__WORK TO COMPLETE__.
Look below for the line holding "Котедж-невидимка за 200" and the line holding "Читати на руськом". Transcribe exactly those lines and all lines between them, nothing more.

__PROVIDED DATA__.
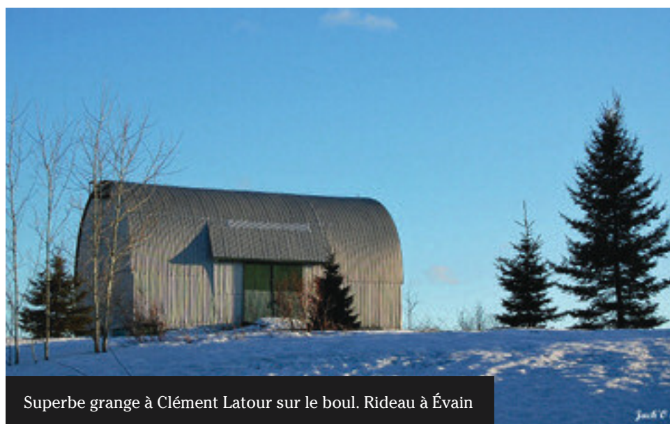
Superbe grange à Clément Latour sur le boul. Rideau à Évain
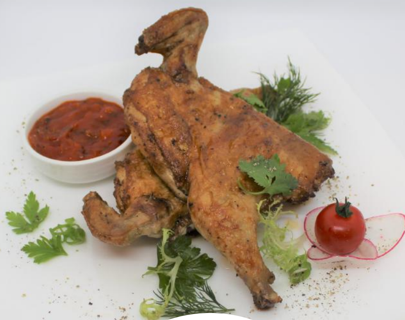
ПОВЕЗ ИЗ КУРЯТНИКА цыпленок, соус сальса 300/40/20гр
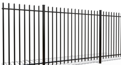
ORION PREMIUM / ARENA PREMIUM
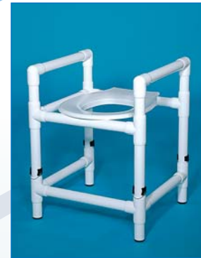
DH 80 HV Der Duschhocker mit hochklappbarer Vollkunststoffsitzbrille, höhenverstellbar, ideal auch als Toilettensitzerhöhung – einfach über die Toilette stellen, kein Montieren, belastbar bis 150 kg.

==

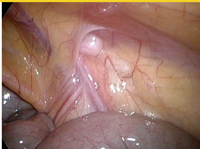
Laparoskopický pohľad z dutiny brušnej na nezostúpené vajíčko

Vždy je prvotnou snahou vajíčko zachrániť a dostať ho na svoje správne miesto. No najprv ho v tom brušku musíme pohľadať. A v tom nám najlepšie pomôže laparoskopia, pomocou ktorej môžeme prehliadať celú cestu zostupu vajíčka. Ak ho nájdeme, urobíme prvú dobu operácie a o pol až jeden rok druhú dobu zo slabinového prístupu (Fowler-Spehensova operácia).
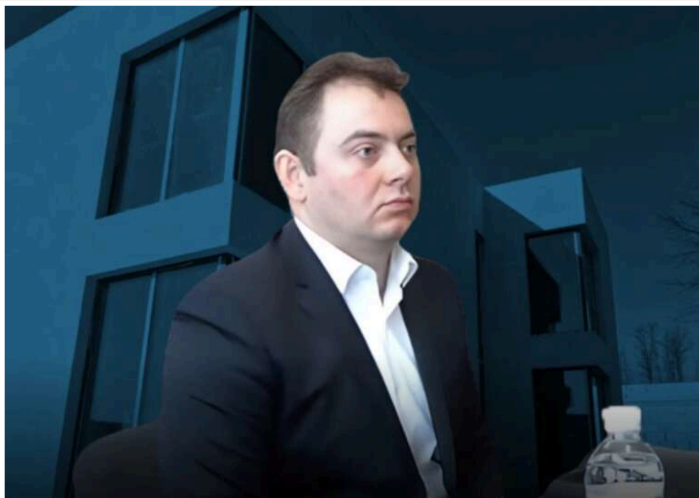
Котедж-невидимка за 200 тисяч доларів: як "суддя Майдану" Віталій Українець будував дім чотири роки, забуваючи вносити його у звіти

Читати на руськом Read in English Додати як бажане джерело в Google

--

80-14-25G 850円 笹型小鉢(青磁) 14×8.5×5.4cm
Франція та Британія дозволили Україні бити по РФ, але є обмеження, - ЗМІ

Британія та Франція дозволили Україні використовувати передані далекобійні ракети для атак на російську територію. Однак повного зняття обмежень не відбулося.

__RESPONSE__.
Котедж-невидимка за 200 тисяч доларів: як "суддя Майдану" Віталій Українець будував дім чотири роки, забуваючи вносити його у звіти

Читати на руськом Read in English Додати як бажане джерело в Google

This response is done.